Rice-Jalloh

    Rice-Jalloh (Jaw-low)

The Reverend Dr. K. Monet Rice-Jalloh is an associate university chaplain at Wake Forest University in Winston-Salem, NC. She has been serving in this position since July of 2012. She is an ordained minister in the Baptist tradition.

Rev. K is a native of Tuscaloosa, Alabama, and a graduate of Louisiana State University, in Baton Rouge, Louisiana, where she competed on their Women’s Track and Field team and obtained her Bachelor of Arts degree.  She then pursued her Master of Divinity degree from Princeton Theological Seminary in Princeton, NJ, and completed her doctoral degree at Duke Divinity School.

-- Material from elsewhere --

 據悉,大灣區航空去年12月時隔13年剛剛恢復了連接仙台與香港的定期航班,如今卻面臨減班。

Rice-Jalloh is sought after for her candid and charismatic approach to addressing “taboo” topics. Responding to her ministerial use of candor, Rice-Jalloh says, “The seat of my theology rests in the notion that God’s original design for humanity was that we be proverbially naked before one another and sensibly unashamed. My deep conviction is that the original sin was when humanity decided to hide from both God and each other. Humanity is in the practice of heaving judgments upon ourselves and projecting them onto others. Fear and shame are the pests that infest the fruit fields wherever the works of justice and communal wholeness are planted. However, if we can uncover and un-clothe truth, let the nakedness of what is true move boldly, then surely healing can be unclothed too.”

Rice-Jalloh relishes working within Academic Religious Life because her work is rooted in the privileges of pausing – pausing to think, ponder, research, discuss, and engage.

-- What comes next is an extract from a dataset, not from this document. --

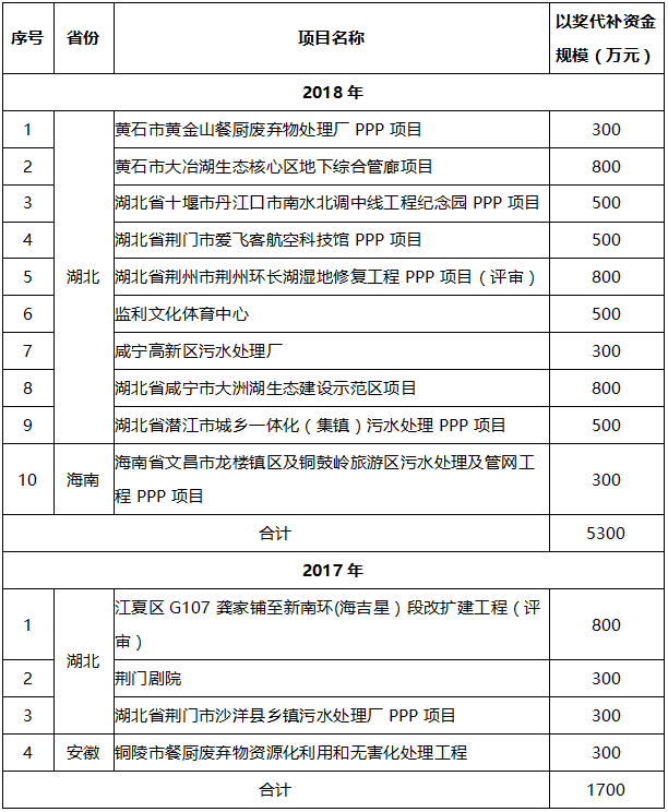 近日,中央财政下达2018年普惠金融发展专项资金120亿元,其中PPP项目以奖代补资金23亿元,共有383个新建项目以及11个存量项目获得了该项奖补资金。湖北省有41个PPP项目获得共计2.34亿元奖补资金,获奖项目数量和金额均位列全国第一。2017年财政部拨付普惠金融发展专项资金116亿元,其中PPP项目以奖代补资金18亿元(含湖北省12个PPP项目共0.9亿元资金)。
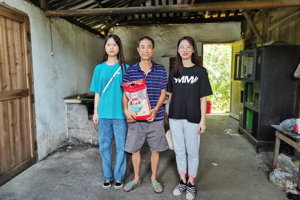“薪火实践”队为贫困户送上一袋大米以示慰问

She and Mamadou Aliou are raising two children and several healthy
houseplants.

Those who know her well often affectionately describe her as the most unconventionally conventional person they know. To which she replies, “It looks like God is still calling ‘whosoever will.’” Nevertheless, it is her heart’s cry and prayer that in everything she does that the Lord would simply be pleased.